• [Work instruction] From the first line of the records below through the line with "システムベット ロフトベッド シングル", output each line exactly; skip the pictures.
-- -- --
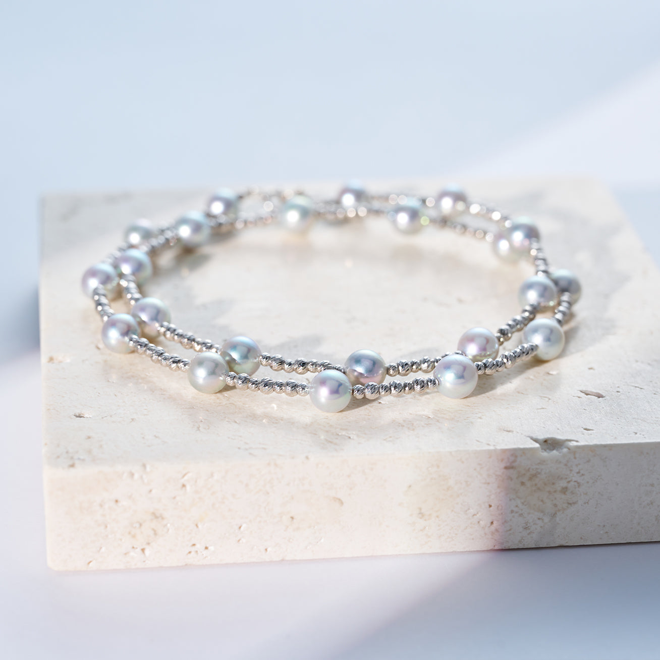 星明かりのように輝く、若い女性にぴったりの非常に美しいアコヤネックレスです。ピンクのオーバートーンが彼女たちのバラ色の肌を引き立て、本当に魅力的なルックを作り出します。これは、彼女の人生の特別な瞬間を記念する、初めてのアコヤパールネックレスに最適な選択です。
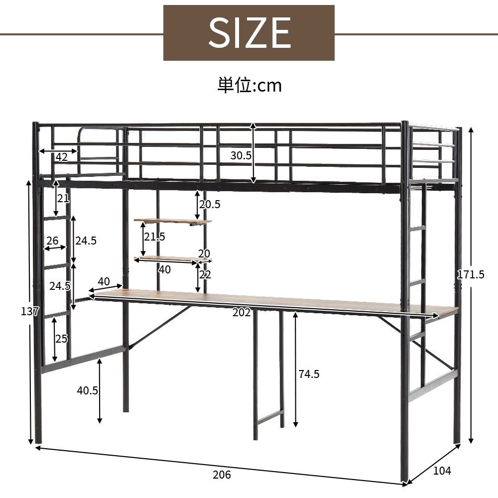 システムベット ロフトベッド シングル デスク付き ラック棚付き 耐荷重150kg 高さ170cm 北欧風 木目 子供ベッド 大人ベッド 一人暮らし
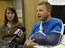 "I feel extremely blessed," Morgan said Wednesday from a wheelchair in Ogden's McKay-Dee Hospital. He broke both femurs and his left arm in the slide, but he is otherwise all right and gets to go home in two weeks.
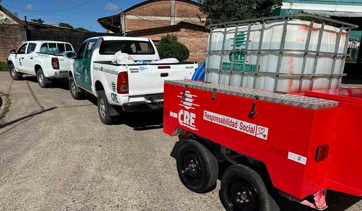 Con el firme compromiso solidario que la caracteriza, la Cooperativa Rural de Electrificación R.L. (CRE) hizo una donación expeditiva para socorrer la necesidad más urgente de la comunidad de Achira, que sufrió las consecuencias del temporal del domingo y lunes. La ayuda solidaria de CRE fue realizada la mañana del miércoles a través de los directores y delegados del Distrito 17 de la Cooperativa, Fredy Cortez y Pedro Manrique, que entregaron 200 litros de agua potable entre las familias afectadas en la comunidad de Samaipata.
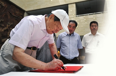 参观完展厅,杨振宁应邀为银川世界岩画博物馆题词,他提笔写下“岩画博物馆之创建是中华文化复兴的象征”,落款写得极为认真。有人提议让翁帆女士写下感受时,被婉谢:“我签个自己的名字就可以了”。
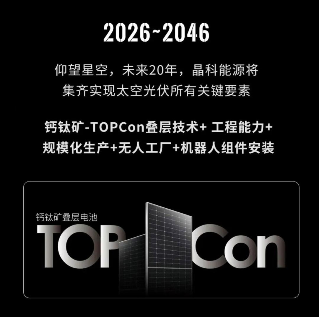 JinkoSolar also issued a rather ambitious declaration, stating that it will gather all the key elements for space - based PV in the next 20 years: Perovskite - TOPCon tandem technology + engineering capabilities + large - scale production + unmanned factories + robot - installed modules. In other words, "We want it all."
-- -- --
• [Result of this exercise]
 星明かりのように輝く、若い女性にぴったりの非常に美しいアコヤネックレスです。ピンクのオーバートーンが彼女たちのバラ色の肌を引き立て、本当に魅力的なルックを作り出します。これは、彼女の人生の特別な瞬間を記念する、初めてのアコヤパールネックレスに最適な選択です。
 システムベット ロフトベッド シングル デスク付き ラック棚付き 耐荷重150kg 高さ170cm 北欧風 木目 子供ベッド 大人ベッド 一人暮らし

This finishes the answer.